:: Available records

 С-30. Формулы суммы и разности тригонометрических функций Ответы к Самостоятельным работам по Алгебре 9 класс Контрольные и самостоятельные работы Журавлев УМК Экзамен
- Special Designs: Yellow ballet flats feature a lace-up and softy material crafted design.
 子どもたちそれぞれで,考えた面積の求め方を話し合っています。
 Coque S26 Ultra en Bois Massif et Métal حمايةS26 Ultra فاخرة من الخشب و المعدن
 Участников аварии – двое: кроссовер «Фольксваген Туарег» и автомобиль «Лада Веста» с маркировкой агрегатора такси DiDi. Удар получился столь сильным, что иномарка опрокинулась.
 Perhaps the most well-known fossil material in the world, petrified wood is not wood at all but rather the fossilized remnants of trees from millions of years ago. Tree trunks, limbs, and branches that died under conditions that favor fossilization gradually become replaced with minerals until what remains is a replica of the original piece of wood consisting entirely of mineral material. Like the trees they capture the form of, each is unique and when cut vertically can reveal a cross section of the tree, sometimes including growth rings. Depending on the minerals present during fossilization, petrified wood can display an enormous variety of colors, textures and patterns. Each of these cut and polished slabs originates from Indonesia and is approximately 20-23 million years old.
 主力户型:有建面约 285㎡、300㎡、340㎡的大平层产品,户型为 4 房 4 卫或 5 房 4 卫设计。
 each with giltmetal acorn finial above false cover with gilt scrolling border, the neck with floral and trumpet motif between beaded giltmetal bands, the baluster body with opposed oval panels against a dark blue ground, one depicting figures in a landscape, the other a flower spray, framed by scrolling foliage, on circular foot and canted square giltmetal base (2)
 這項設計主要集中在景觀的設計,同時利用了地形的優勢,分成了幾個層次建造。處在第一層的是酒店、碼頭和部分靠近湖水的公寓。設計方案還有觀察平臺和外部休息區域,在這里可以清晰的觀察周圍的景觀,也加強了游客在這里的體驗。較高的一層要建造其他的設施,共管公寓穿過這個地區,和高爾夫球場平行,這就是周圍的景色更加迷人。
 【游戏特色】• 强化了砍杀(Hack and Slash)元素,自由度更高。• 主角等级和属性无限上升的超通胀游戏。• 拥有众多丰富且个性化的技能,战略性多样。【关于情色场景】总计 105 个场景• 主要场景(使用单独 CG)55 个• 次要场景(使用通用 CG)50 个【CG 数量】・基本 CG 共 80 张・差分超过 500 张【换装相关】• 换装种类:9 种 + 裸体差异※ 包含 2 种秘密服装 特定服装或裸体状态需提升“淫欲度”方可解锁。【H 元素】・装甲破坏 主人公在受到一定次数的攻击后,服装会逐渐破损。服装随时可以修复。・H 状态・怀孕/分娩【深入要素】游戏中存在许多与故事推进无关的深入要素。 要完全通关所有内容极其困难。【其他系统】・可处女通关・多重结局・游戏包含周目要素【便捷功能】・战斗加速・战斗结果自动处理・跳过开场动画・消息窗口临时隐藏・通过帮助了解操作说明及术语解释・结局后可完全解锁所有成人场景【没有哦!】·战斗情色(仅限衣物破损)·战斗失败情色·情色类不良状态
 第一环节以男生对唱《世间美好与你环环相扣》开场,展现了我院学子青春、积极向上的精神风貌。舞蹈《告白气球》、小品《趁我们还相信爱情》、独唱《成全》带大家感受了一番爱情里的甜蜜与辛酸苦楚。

::::

- **Exercise**
Look at the material above and copy, word for word, its lines from the first through the one containing "Участников аварии –".

- **Response below**
 С-30. Формулы суммы и разности тригонометрических функций Ответы к Самостоятельным работам по Алгебре 9 класс Контрольные и самостоятельные работы Журавлев УМК Экзамен
- Special Designs: Yellow ballet flats feature a lace-up and softy material crafted design.
 子どもたちそれぞれで,考えた面積の求め方を話し合っています。
 Coque S26 Ultra en Bois Massif et Métal حمايةS26 Ultra فاخرة من الخشب و المعدن
 Участников аварии – двое: кроссовер «Фольксваген Туарег» и автомобиль «Лада Веста» с маркировкой агрегатора такси DiDi. Удар получился столь сильным, что иномарка опрокинулась.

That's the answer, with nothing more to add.